MHT CET · Physics · Work Power Energy
The bob of a pendulum of length ' \(l\) ' is pulled aside from its equilibrium position through an angle ' \(\theta\) ' and then released. The bob will then pass through its equilibrium position with speed ' \(v\) ', where ' \(v\) ' equal to ( \(g=\) acceleration due to gravity)

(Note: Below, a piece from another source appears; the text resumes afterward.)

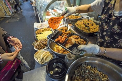 The area of Euljiro is also famous for its countless Pyeongyang naengmyeon (cold buckwheat noodles) restaurants. The cold and unique flavor of the soup is a special trait of Pyeongyang naengmyeon. The noodles go especially well with meat. Each store has a variety of selections from bulgogi to suyuk (boiled beef slices), pyeonyuk (boiled pork slices), and much more.
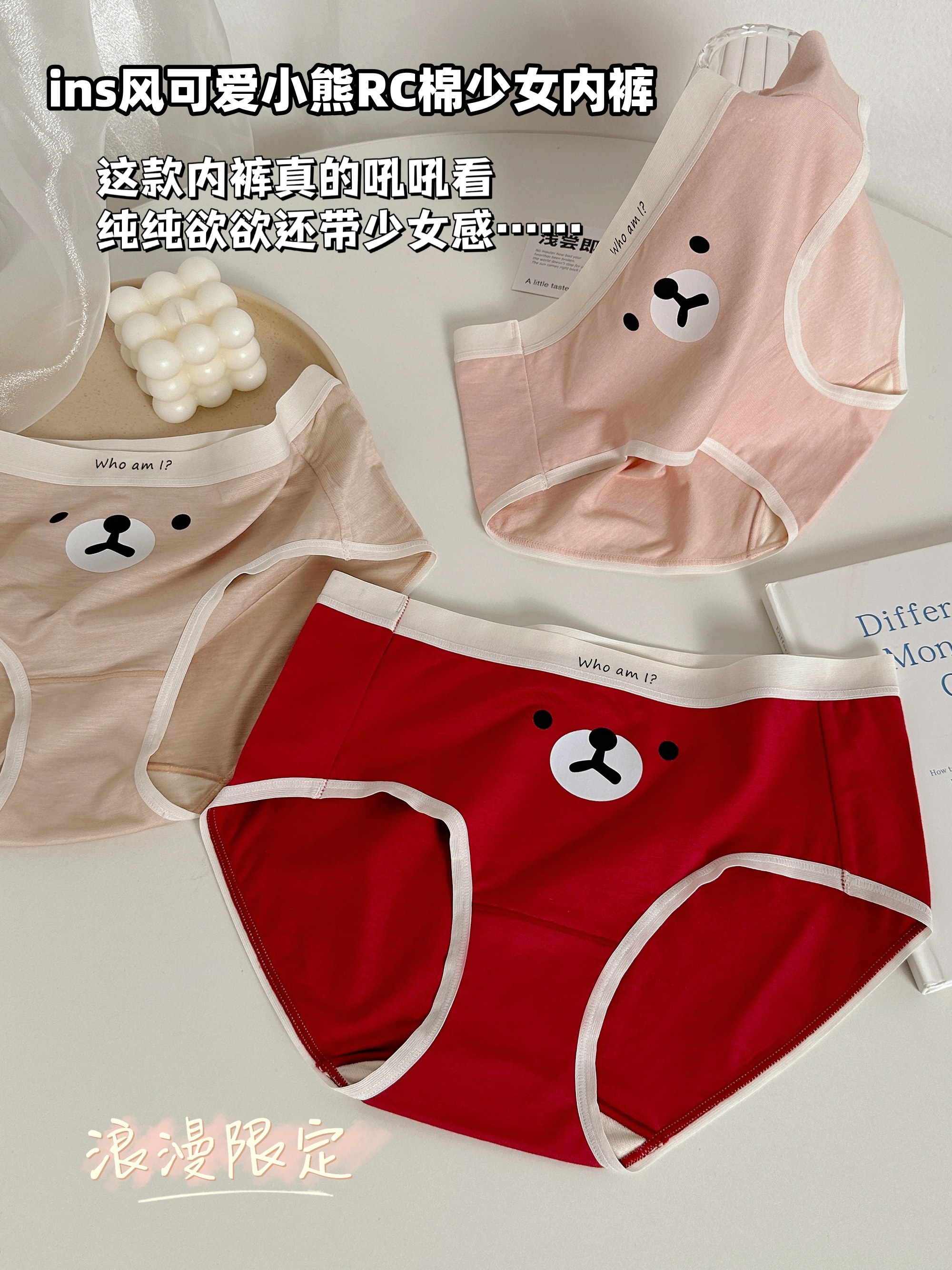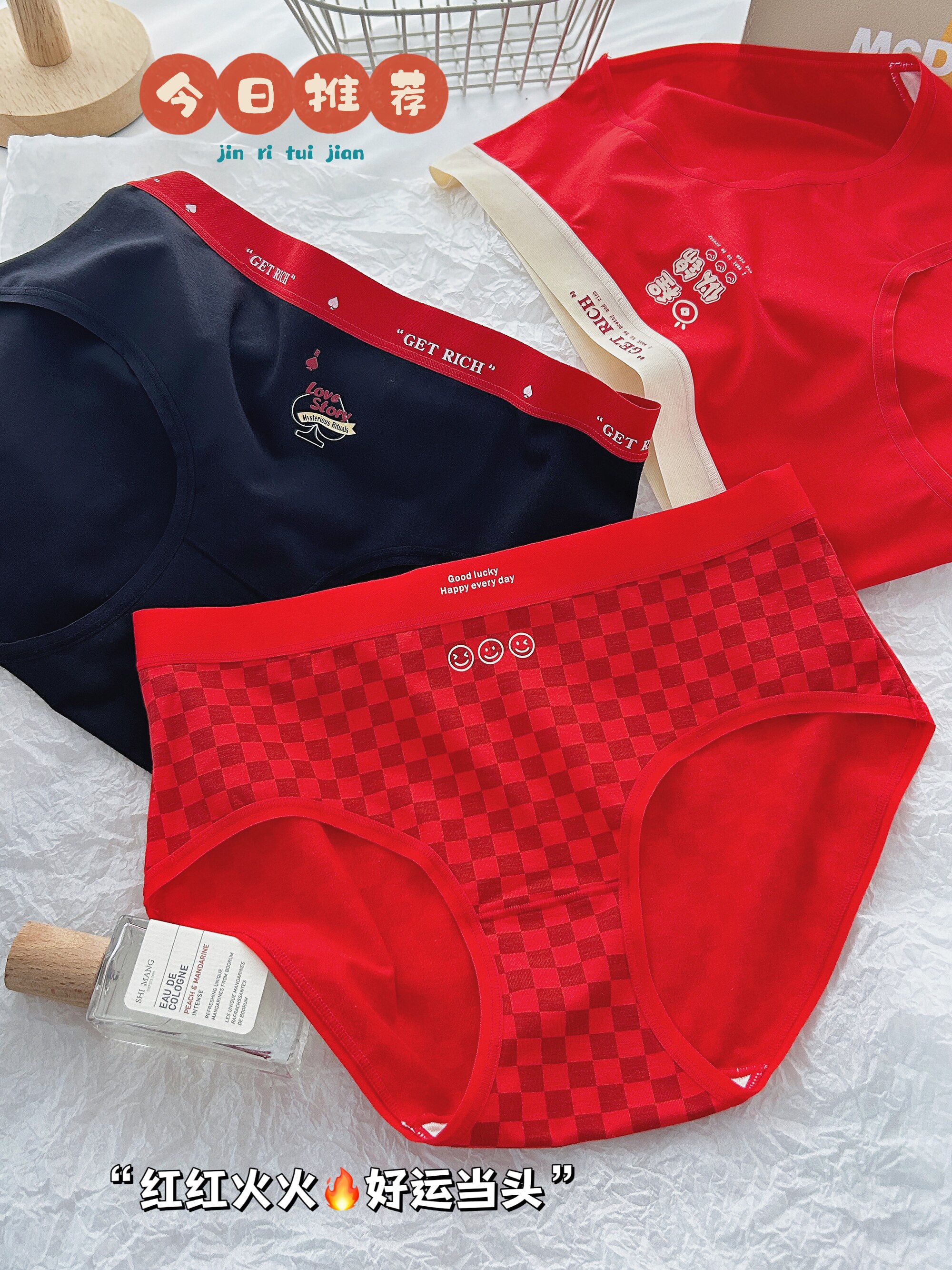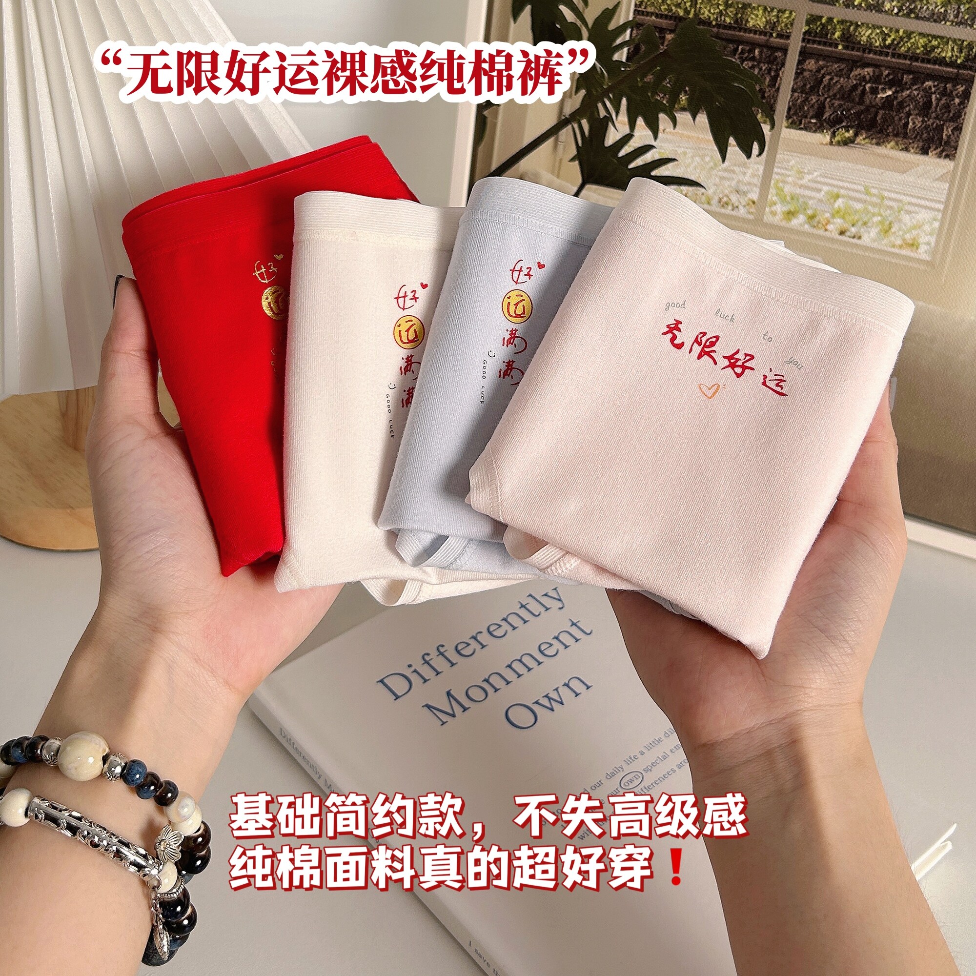 【好运连连】精梳纯棉简约中腰内裤女桑蚕丝底裆春节内裤秋冬新款

- A \(\sqrt{2 g l(1-\cos \theta)}\)
- B \(\sqrt{2 g l(1+\sin \theta)}\)
- C \(\sqrt{2 g l(1-\sin \theta)}\)
- D \(\sqrt{2 \mathrm{~g} l(1+\cos \theta)}\)
Answer & Solution
Correct Answer
(A) \(\sqrt{2 g l(1-\cos \theta)}\)
Step-by-step Solution
Detailed explanation
When bob of a pendulum rises up a height ' \(h\) ' potential energy at extreme position becomes kinetic energy of mean position.
\(\mathrm{mgh}=\frac{1}{2} \mathrm{mv}_{\max }^2 \)
\( \therefore \mathrm{v}_{\max }=\sqrt{2 \mathrm{gh}} \)
\(l=\mathrm{h}+l \cos \theta \)
\( \therefore \mathrm{~h}=l(1-\cos \theta) \)
\( \therefore \mathrm{v}_{\max }=\sqrt{2 \mathrm{gl}(1-\cos \theta)}\)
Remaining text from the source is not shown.